Now, more than ever, is a time for investment.

Due largely to the growth in enterprise cloud computing and M2M connectivity, not to mention content-heavy applications, Cisco predict that global IP traffic will reach 1 zettabyte this year.

That’s a billion terabytes.

And it gets better. Cisco also predict that by 2017 that figure will reach 1.4 zettabytes. 40% growth in just a couple of years.

It’s safe to say that most data centres are going to be growing in the coming years, and that new data centres will be popping up all over the place. But whilst that happens, I’d also like to venture a prediction: unplanned downtime will increase.

While rushing to meet the ever-increasing demand for server space, some companies will not take the time and care necessary to ensure near-flawless uptime. I highly recommend that you avoid this potential trend; train your staff thoroughly, invest in high quality monitoring systems, and do everything you possibly can to avoid unplanned downtime.

On that note, I’ll leave you with the words of Lee Brathwaite, Vice President of Real Estate for Verizon – A company renowned for their exceptional uptime statistics.

“In a business where an hour of downtime can result in millions of dollars of lost revenue, it is critical that customers are confident that the networks they depend on are continuously up and running”

3. Watch Out for Squirrels…

If you followed the earlier link to datacenterknowledge.com, you will no doubt have read that in 2010 squirrels took down half of Yahoo’s Santa Clara data centre. In fact, it’s not that uncommon – a 2011 study found that 17% of level 3 communications’ cable damage was due to squirrel chewing.

Perhaps even more bizarrely, in 2010 Google reported that aerial fibre links to its $600m Oregon data centre were “regularly shot down by hunters”.

But I’m not here to talk to you about squirrels. Or hunters.

The takeaway from this is that it’s vital to assess all potential threats to your uptime, and take action against them. You can’t necessarily predict every eventuality, but if you really look for them you’ll find a lot more threats than are immediately apparent.

And you’ll be surprised how taking preventative measures against one risk can help protect you against a plethora of others you never considered.

Google solved their hunting problem by moving their fibre links underground. A simple step, but one which also protects against damage from other sources, including weather, vehicles, and, of course, squirrels.

4. Implement a Well Designed UPS

You didn’t think you’d get through a whole article without me talking about , did you?
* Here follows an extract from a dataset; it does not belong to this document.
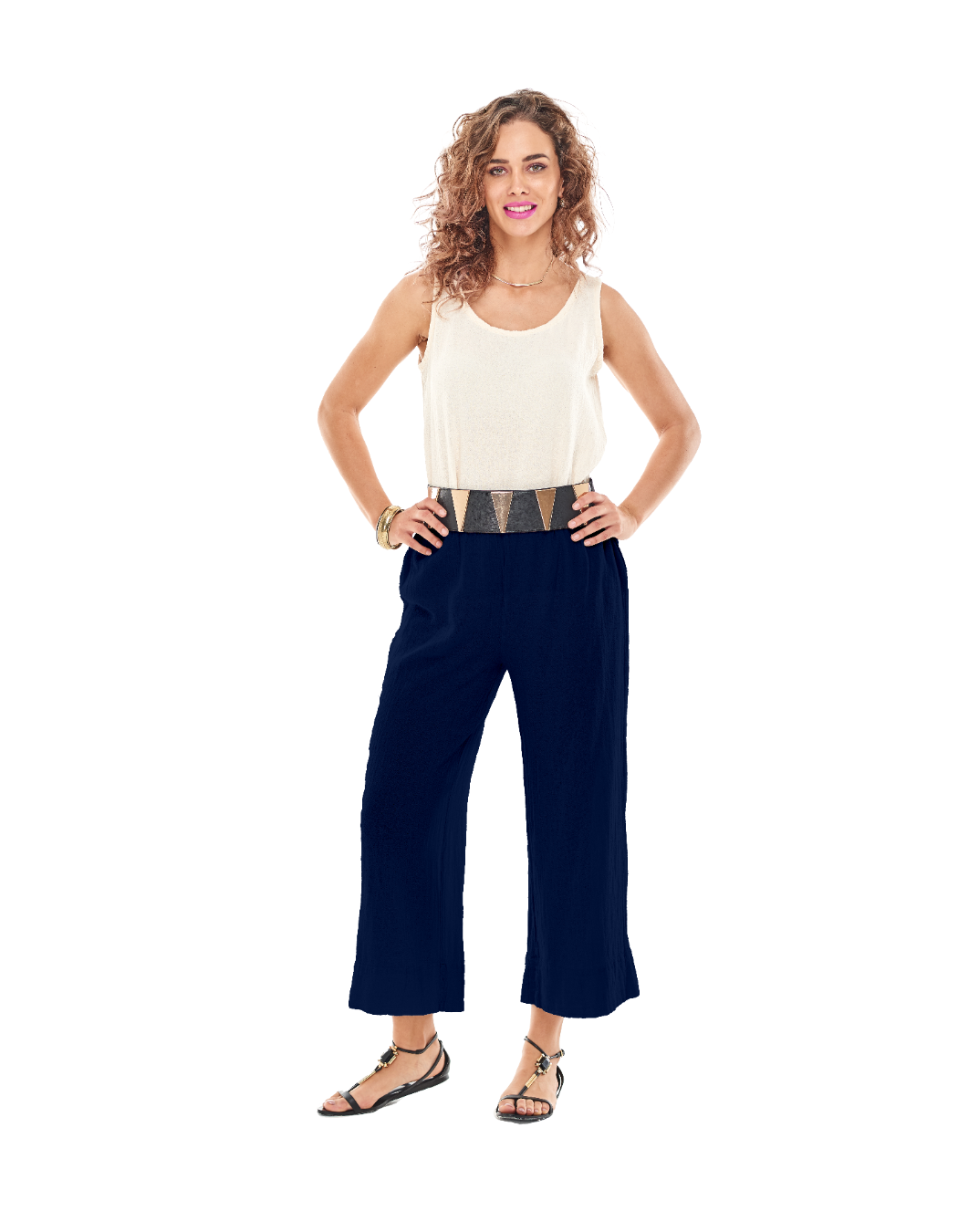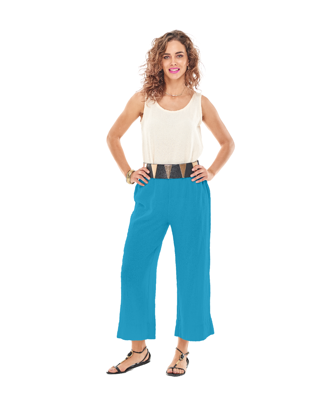 A popular, wide leg, cropped cotton gauze pant that has a short side split hemline.

Data centre UPS systems are essential to avoiding unplanned downtime, and as I’ve written previously they don’t just protect against outages. Power ‘events’ come in a variety of forms, and they can cause significant damage to your critical systems.

And that’s why just any old UPS won’t do – even if it’s designed for data centre power supply applications. You need a UPS system designed for you.

The same is true of your backup generator. Ideally your diesel generator and UPS suppliers will have a history of working together (or indeed be one and the same), as the switchover between these vital systems is essential to avoiding unplanned downtime.

Generators and UPS systems vary tremendously in size and function, and experienced suppliers know that every system must be tailored to the specific needs of the client.

That’s the way we operate at KOHLER Uninterruptible Power, and you shouldn’t accept anything less.

5. Have a Backup for Your Backup

Unfortunately, there is such a thing as UPS failure. And it’s not pretty.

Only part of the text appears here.